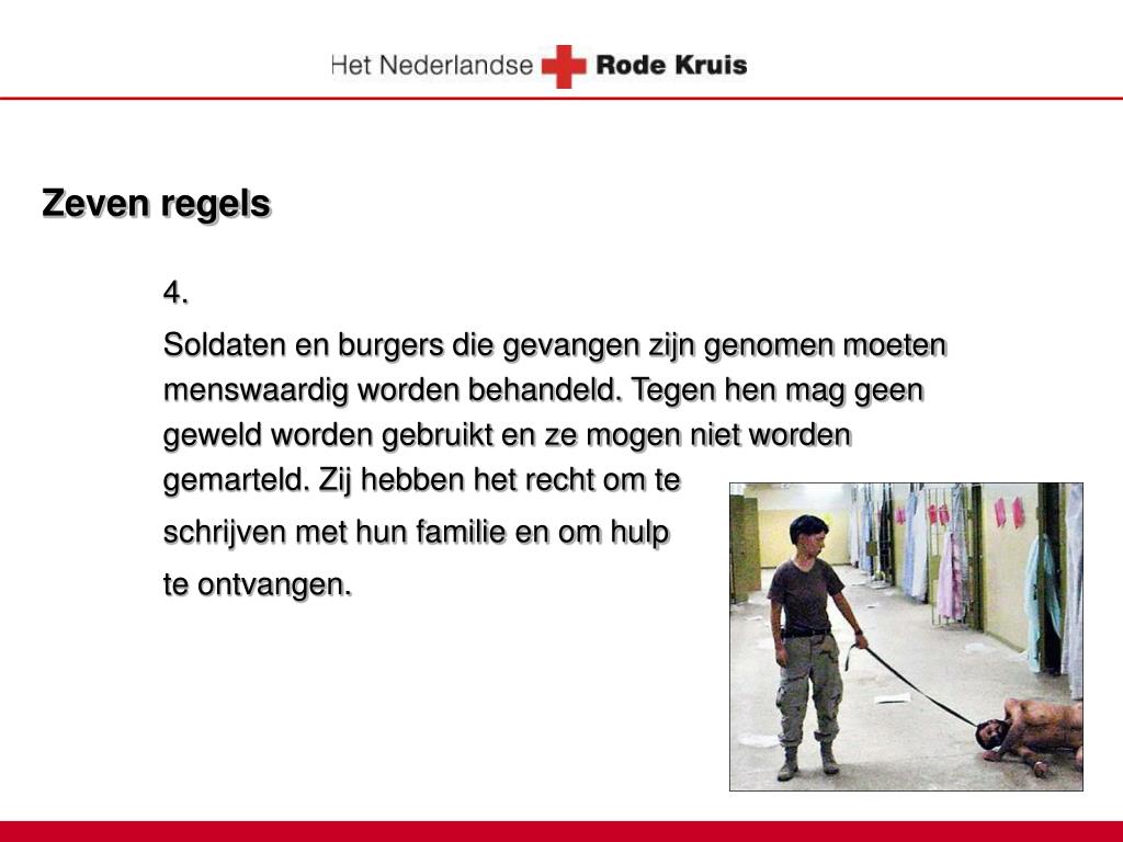 Zeven regels 4. Soldaten en burgers die gevangen zijn genomen moeten menswaardig worden behandeld. Tegen hen mag geen geweld worden gebruikt en ze mogen niet worden gemarteld. Zij hebben het recht om te schrijven met hun familie en om hulp te ontvangen.
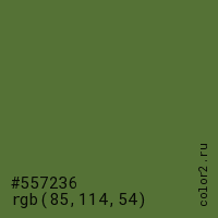 Цвет #557236 в цветовой модели RGB обозначается тремя октетами (85, 114, 54) в десятичном формате и #557236 в шестнадцатиричном (hex) формате, которые являются интенсивностью красного 85 (hex 55), интенсивность зелёного 114 (hex 72) и интенсивность синего 54 (hex 36).
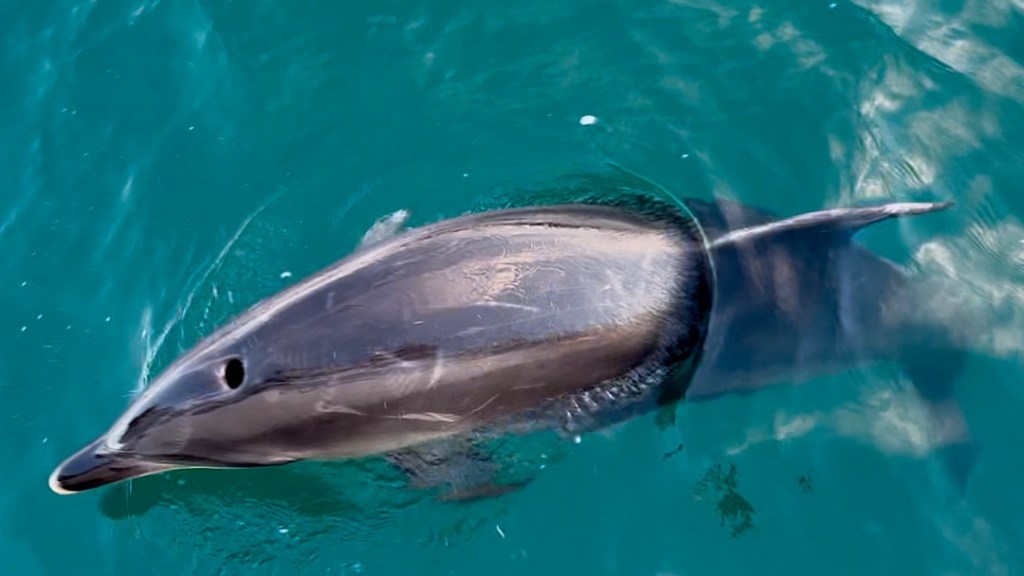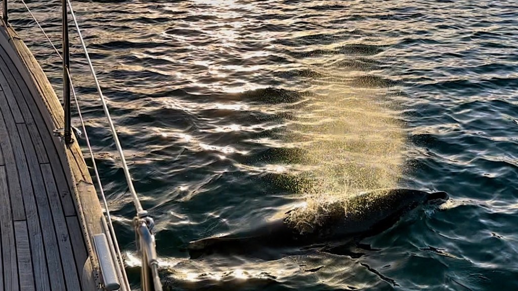Delfine kommen in unsere Ankerbucht, erjagen sich ihr Abendbrot und spielen anschließend ganz dicht um die Boote herum.

-------------------------

▶ [Prompt]:
Please give every line above again word for word, apart from the pictures.

▶ [Your response]:
 Zeven regels 4. Soldaten en burgers die gevangen zijn genomen moeten menswaardig worden behandeld. Tegen hen mag geen geweld worden gebruikt en ze mogen niet worden gemarteld. Zij hebben het recht om te schrijven met hun familie en om hulp te ontvangen.
 Цвет #557236 в цветовой модели RGB обозначается тремя октетами (85, 114, 54) в десятичном формате и #557236 в шестнадцатиричном (hex) формате, которые являются интенсивностью красного 85 (hex 55), интенсивность зелёного 114 (hex 72) и интенсивность синего 54 (hex 36).
Delfine kommen in unsere Ankerbucht, erjagen sich ihr Abendbrot und spielen anschließend ganz dicht um die Boote herum.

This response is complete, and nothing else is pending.